Did ONRC have a role in the [logging] controversy over Ashland’s watershed?
Not as much. We’ve talked with the folks there, but other groups such as Headwaters and the Rogue Group Sierra Club are taking the lead. Talk to Regna, she’s worked all over the state on that sort of thing. There are so many issues in southwest Oregon, more than we can cover. Headwaters is headquartered right in Ashland, so they often take the lead with those types of forest issues.
It’s whoever can fill the niche best?
The fact that I’m not in Ashland is because Headwaters is there. If they didn’t exist, I may have located over there rather than Klamath Falls. I don’t know that, but it’s probable. . I’m saying to people l8You’re talking about the Klamath-Siskiyou bioregion, [so] why are you leaving out the headwaters of the Klamath River? (laughs) This makes your story more compelling, that you have the largest wintering bald eagle population and the largest waterfowl concentration in North America.” You have the Klamath River running through the middle of it, so just pull it over the hill [join it to the bioregion] and you can even throw Crater Lake into the pot, along with its 700 or however many [plant] species Peter Zika came up with for the park.
Before you relocated [to the Klamath Basin] did James Monteith carry the flag for the basin?
I never thought he was any more or less interested than in any other part of the state, but he did grow up in the area.
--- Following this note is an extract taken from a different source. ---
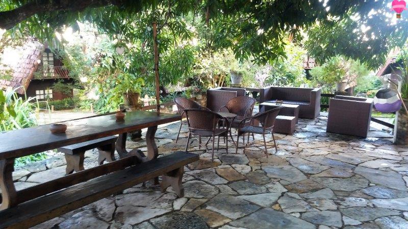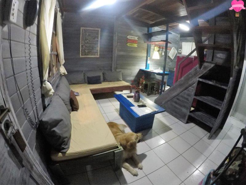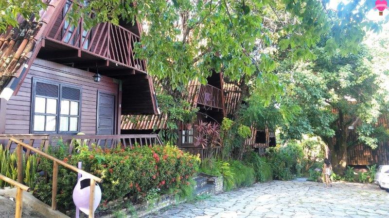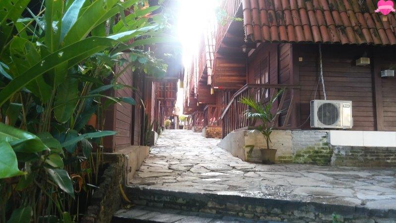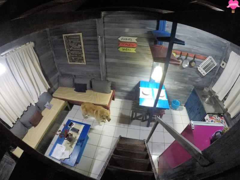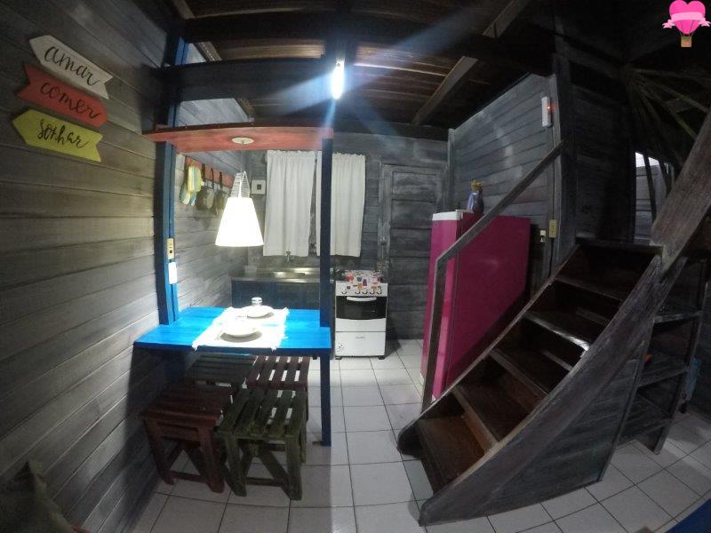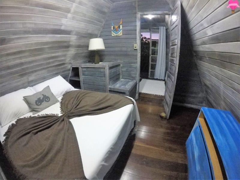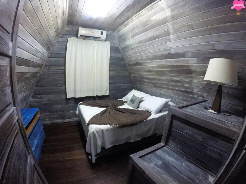 Ficamos no chalé Bem Te Vi, com dois pavimentos bem espaçosos, sendo o andar de baixo com cozinha, sala e banheiro, no andar superior quarto com varanda, bem equipado com cama de casal, cama de solteiro, ar condicionado, ventilador de teto, cofre de segurança, dois sofás cama, fogão, geladeira, utensílios, TV a cabo, internet e telefone. A decoração é rústica, bem organizado, bonito e estava tudo bem limpinho.
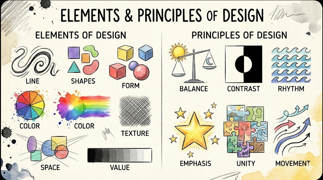 Elements and Principles of Design is a foundational course that introduces students to the essential building blocks used in all forms of visual art and design. Through hands-on activities and guided exploration, students learn how elements such as line, shape, color, texture, and space can be combined to create meaningful compositions. The course also emphasizes the principles of design—including balance, contrast, rhythm, unity, emphasis, and movement—and examines how these concepts influence the viewer’s experience. Students will develop the ability to analyze and critique visual work while applying these principles to their own creative projects. By the end of the course, learners will have a strong understanding of how thoughtful design decisions can communicate ideas, evoke emotions, and strengthen artistic expression.

When I discovered this place, it wasn’t so much his doing. I visited Lava Beds National Monument on Memorial Weekend in, I think, 1987 and I came back and said “Wow! Have you been there?” “Been there?” James said, “When I was a kid I would coil up a dead rattlesnake and scare people as they walked around the first bend in Captain Jack’s Stronghold.” This was really his back yard, so he was aware of the basin’s features. His father drove a Model A Ford out on Klamath Lake when it was frozen and also to the top of Mount Scott (both laugh incredulously). That little road which I guess goes, up there has fallen apart as you get higher up the mountain. Anyway, James was always interested in the [Klamath Basin] area and its defense, but I would say no more so or no less other parts of the state. When I moved down here, he had left ONRC formally. He was asked by a newspaper about me and said “He’s perfect–I want a bulldog down there.” Stub Stewart, who is a mill owner in Cottage Grove, said “1 really feel sorry for the people of Klamath Falls (laughs).